A Pork Festival
One reason the $388 billion spending measure that Congress rushed to approve by Thanksgiving is 3,320 pages long is that lawmakers have stuffed it with pork-barrel prizes. The bill has 11,772 pet projects costing a total of $15.8 billion, according to Taxpayers for Common Sense, a government watchdog group. Congressional leaders of both parties have always allowed appropriations bills to be larded with stuff to ensure votes for the final measure. But in the past decade, when Congress has been dominated by the supposedly fiscally conservative G.O.P., the amount of pork in appropriations bills has more than tripled. "It's obscene.
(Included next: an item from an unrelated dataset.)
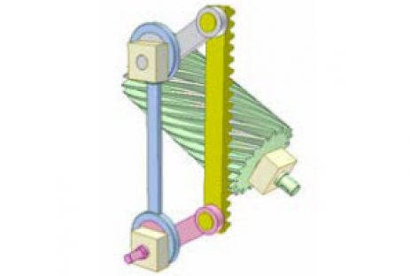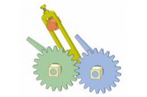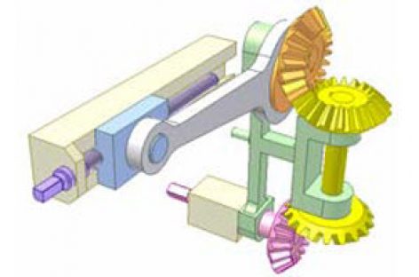 [Mô phỏng cơ cấu cơ khí] Cơ cấu hai cần lắc với bánh răng nón Hai cần lắc (xám và lục) lắc trong khi bánh răng dẫn màu hồng quay liên

We have taken it to a whole new level," says Arizona Representative Jeff Flake, a leader of the House's conservative Republican Study Committee. "We frankly look worse than the Democrats did in their heyday." Says Keith Ashdown of Taxpayers for Common Sense: "At a time of record deficits," when most agencies are seeing their budgets cut, "we have to set national priorities." Not surprisingly, the lawmakers who brought home the bacon consider the tax dollars well spent.
$500,000 for a NORDIC SKI CENTER in Alaska. Inserted by Ted Stevens, the state's senior Senator and the powerful Appropriations Committee chairman, who insists that the cash is needed to upgrade a training facility and ski trail used by U.S. Olympic athletes.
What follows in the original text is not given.